Am Dinghidock gibt es einen Trinkwasseranschluss. Mit unserem Schlauchi fahren wir zweimal hinüber, um unsere großen Wasserflaschen zu füllen. So können wir nochmal 80 l Wasser filtern und in unseren Tank füllen. Das gestern gesammelte Regenwasser verbrauchen wir zum Klarspülen der im Salzwasser gewaschenen Shirts und Hosen. Frisch eingekleidet setzen wir noch einmal über, um Mayreaus südliche Buchten zu erkunden. Als Thomas aus dem Dinghi klettern will, schnippt in einer Welle das kleine Bötchen unter den Steg. Er kann sich gerade noch halten, aber mit der frisch gewaschenen Bux‘ ditscht er doch ins salzige Wasser… 

Vor dem Saline Beach ist es heute richtig voll. Neben einem modernen Großsegler schaukeln hier noch ein paar kleinere Yachten. Unter den Palmen probt gerade eine Steeldrumband. Schade, als wir bei ihnen ankommen, legen sie eine Pause ein … So schön es hier aussieht, es riecht sehr eigentümlich. Wir entdecken ein Sanitärhebäude am Strand.
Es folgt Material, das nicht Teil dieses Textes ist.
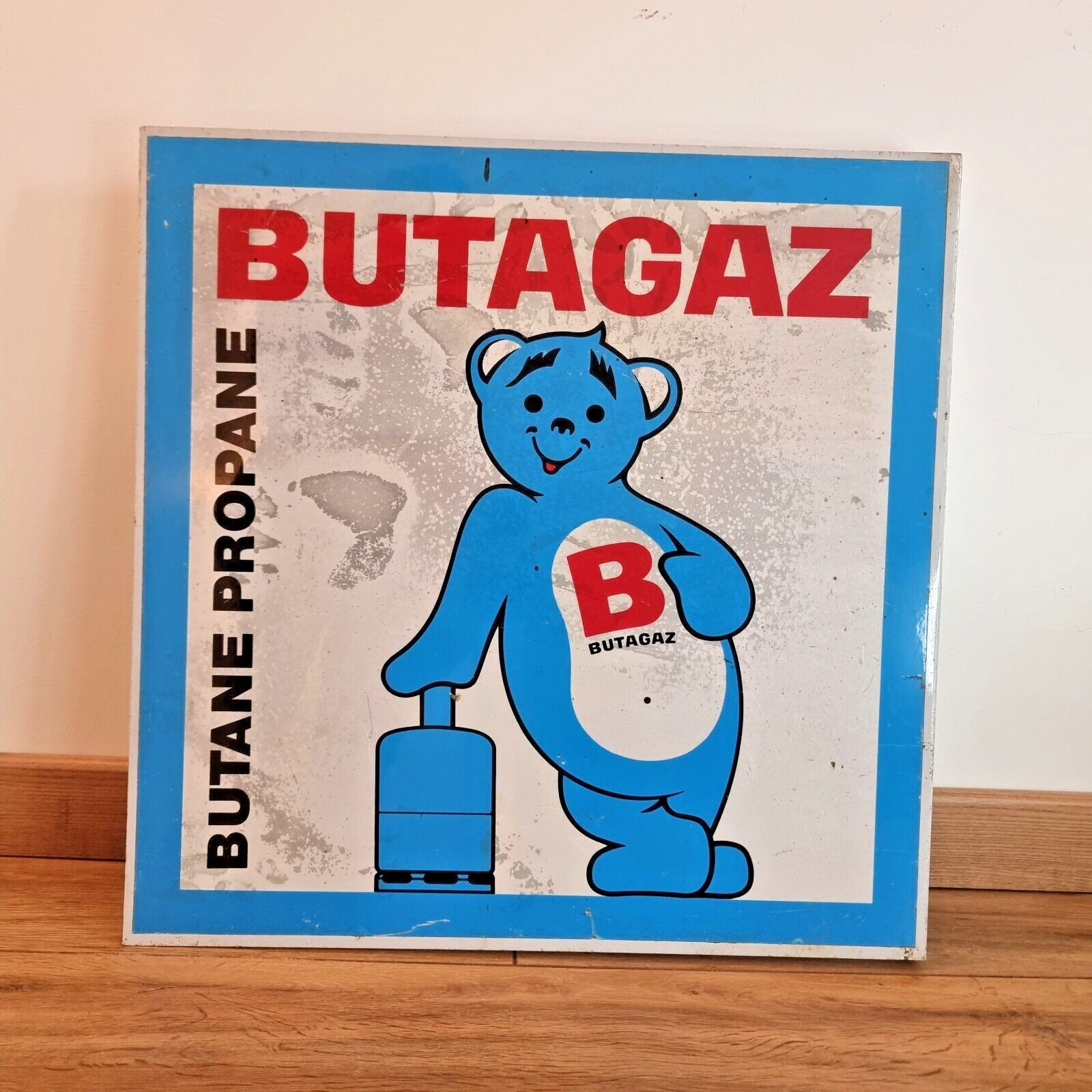 Butagaz est une marque française créée en 1930, spécialisée dans la distribution de gaz en bouteilles. Au fil des ans, la marque a développé une identité visuelle forte, avec un logo et une communication publicitaire qui sont devenus emblématiques. Les plaques publicitaires Butagaz sont devenues des objets de collection très prisés, notamment les modèles plus anciens qui arborent le design rétro des années 50 et 60.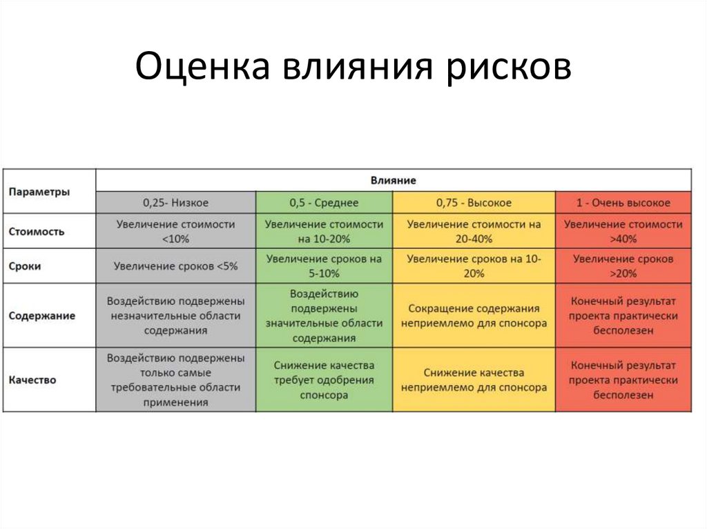 2. Составить реестр рисков с указанием влияния и вероятности (как на слайде 5).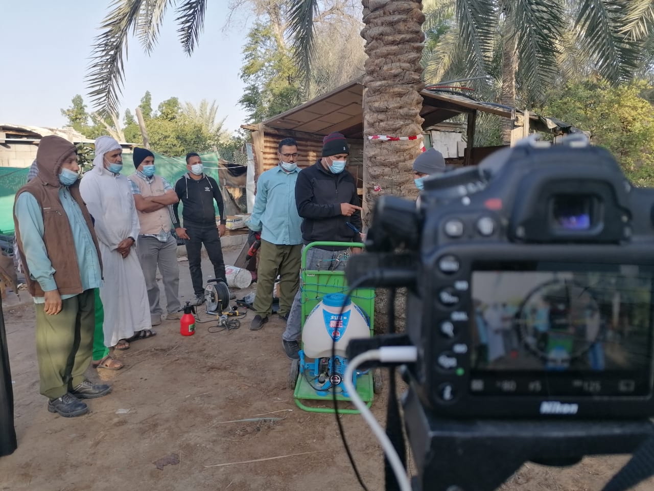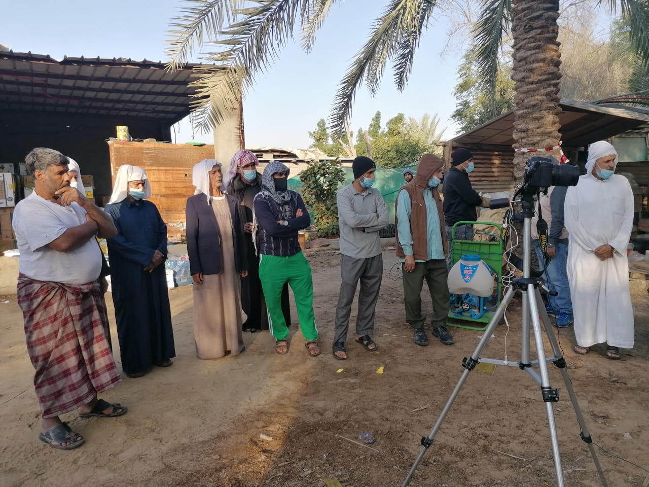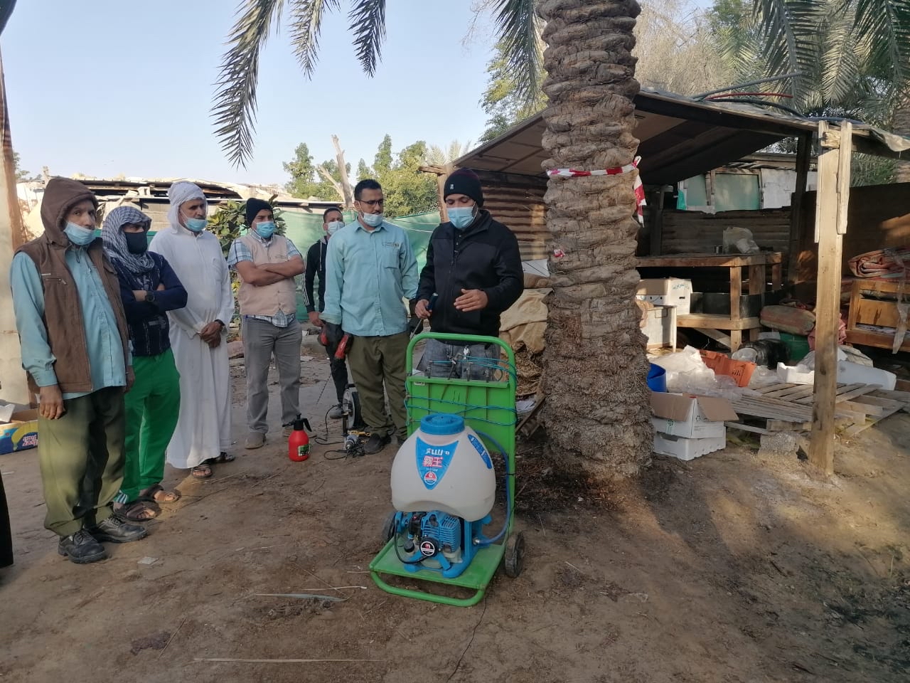 بدأ اليوم الحقلي بشرح عملي بين خلاله م. حبيب العقيلي طريقة العلاج المتبعه لعمليات الفحص والعلاج منذ بداية نشأت البرنامج حتى يومنا الحالي وأهمية معرفة الآفات الحشرية النخيل وطرق مكافحتها.

Eigentlich eine tolle Idee, aber wenn das mit dem Abfluss nicht klappt …

Uns gefällt es hier nicht so wirklich, trotz Palmen und goldgelbem Sand. Wir wandern weiter. Einer der zahlreichen Inselhunde schließt sich uns an. Es wirkt fast so, als ob er uns einen schöneren Ort zeigen möchte, wie die alte Dame gestern. Er läuft immer ein Stück vor und wartet dann auf uns. Vorbei am E-Werk, das mit Generator und Solar den Strom für das Dorf erwirtschaftet. „Unser“ Hund leitet uns bis zur Windward Bay, dort versteckt sich eine zauberhafte Bar „The Ranch Ecapade“. Am weißen Strand (zum ersten Mal sehen wir wirklich weißen Sand in der Karibik) zwischen den Palmen sind lauter kleine, ganz unterschiedliche Sitzecken versteckt. Auf zwei Schaukeln direkt über dem Wasser genießen wir einen eiskalten Punsch. Und weil es uns so gut gefällt, gibt’s auch noch Fish and Chips bzw. einen Burger mit einem extradicken Fleischpatty … Oberlecker mit einem Knoblauchdip, der mit Undines Knoblauchbutter mithalten kann ;o) „Unser“ Hund hat geduldig auf unsern Rückmarsch gewartet. Nur zweimal lugt er um die Ecke. Als wir uns zu Gehen bereit machen, steht auch er bereit und bringt uns wieder zurück zum anderen Strand. Dann geht er wohl wieder nach Hause …

Im kleinen Supermarkt ergattern wir noch ein Brot, denn das von gestern hat sich (obwohl aus weißem Hefeteig) als ausgesprochen gut herausgestellt.

Am nächsten Morgen verlassen wir die wunderschöne kleine Insel und brechen schon zeitig Richtung Bequia auf. Dort wollen wir nochmal 2 m Meshgewebe für unser Schattenprojekt kaufen und uns etwas mit Obst und Gemüse eindecken. Die letzten Tage war die Versorgung ja eher dünn.